## Exercise instructions
Reproduce, word for word, the lines in the material below starting with the one that has "Solved 1) The" and going on through the one that has "Aha! Parking Lots". Leave out all pictures.

>>>

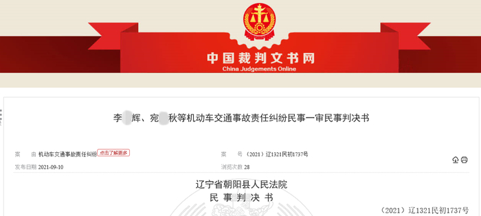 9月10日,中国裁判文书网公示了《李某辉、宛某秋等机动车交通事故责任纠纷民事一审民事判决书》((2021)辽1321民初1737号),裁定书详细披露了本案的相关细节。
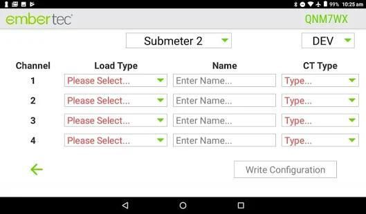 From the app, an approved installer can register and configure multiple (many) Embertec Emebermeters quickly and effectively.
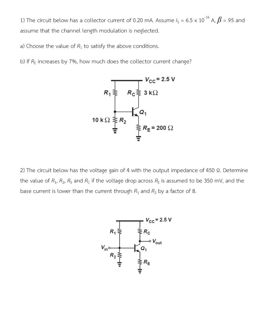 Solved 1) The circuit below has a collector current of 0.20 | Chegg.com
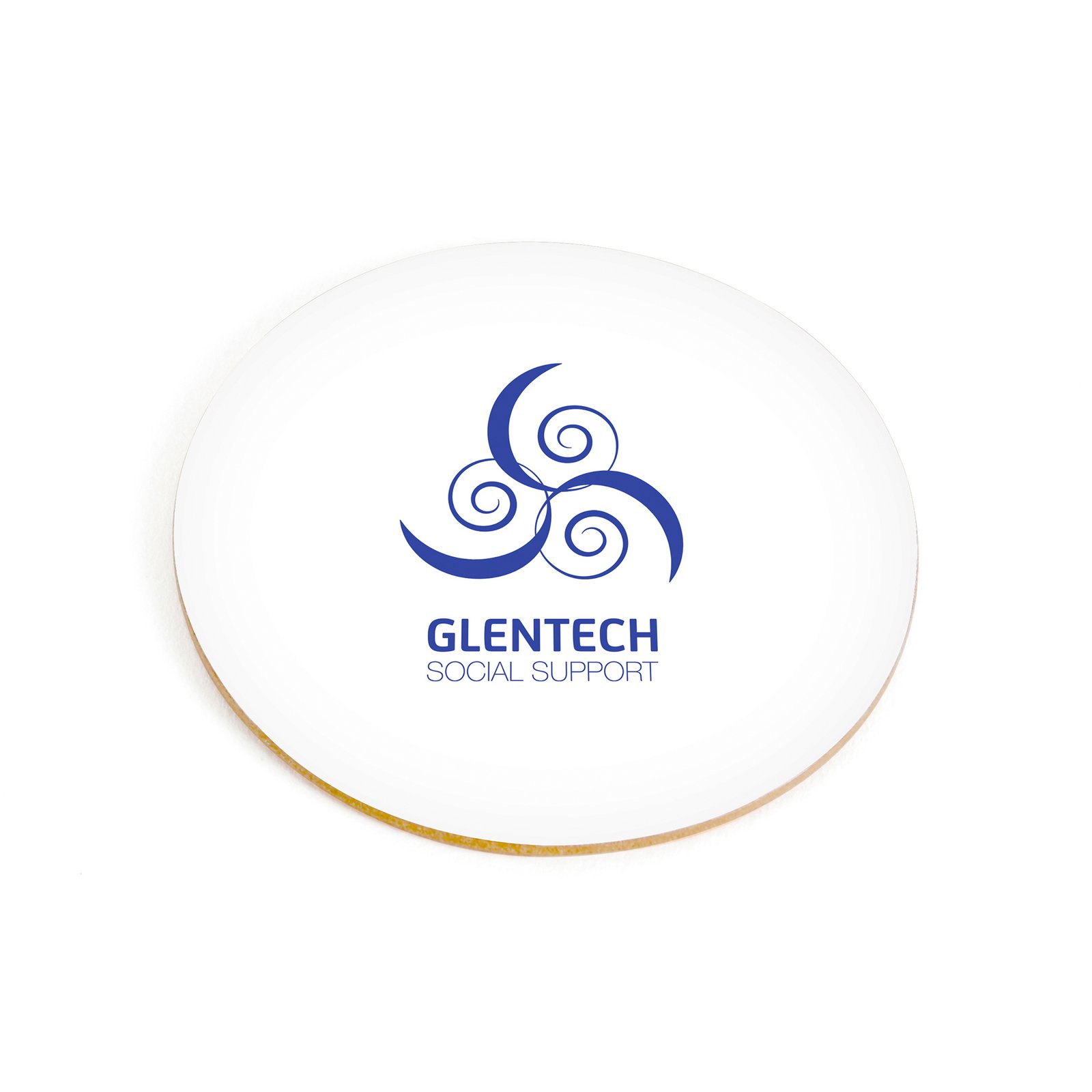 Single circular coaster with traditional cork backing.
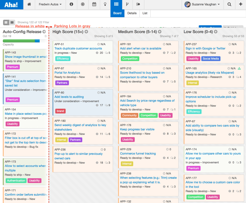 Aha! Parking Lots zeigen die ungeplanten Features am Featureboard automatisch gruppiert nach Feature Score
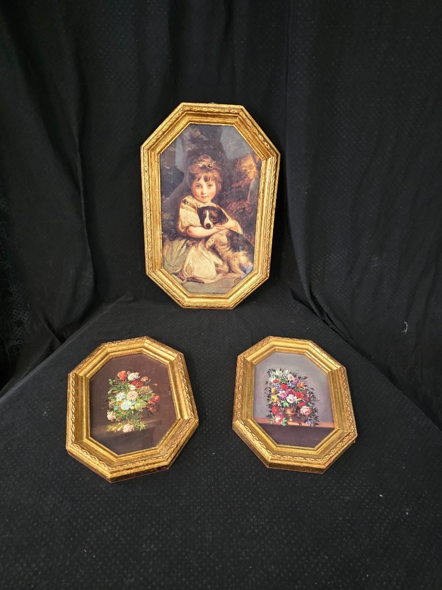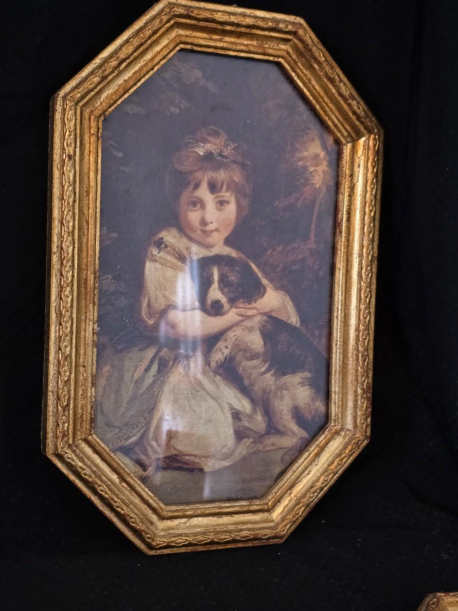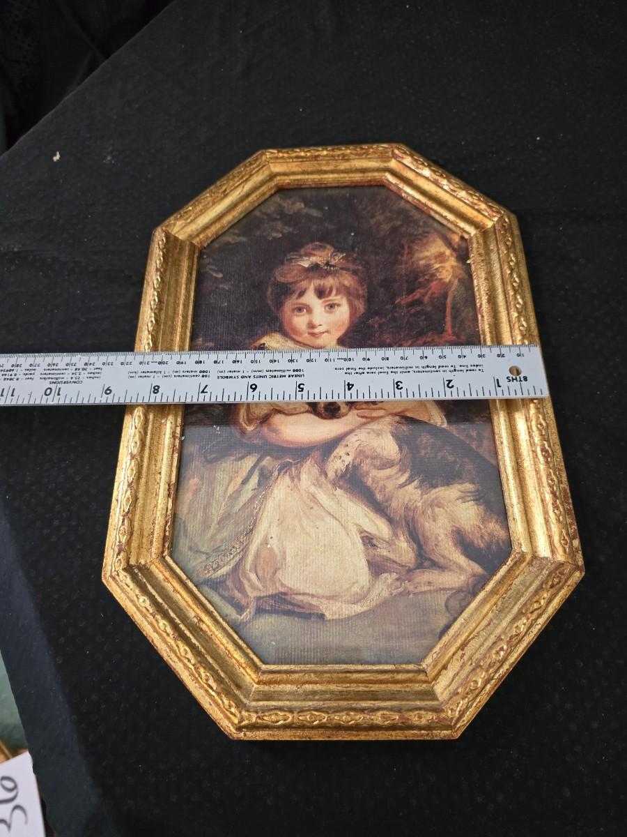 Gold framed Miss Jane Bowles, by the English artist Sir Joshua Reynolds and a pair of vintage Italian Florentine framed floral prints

<<<

## Result of the task
 Solved 1) The circuit below has a collector current of 0.20 | Chegg.com
 Single circular coaster with traditional cork backing.
 Aha! Parking Lots zeigen die ungeplanten Features am Featureboard automatisch gruppiert nach Feature Score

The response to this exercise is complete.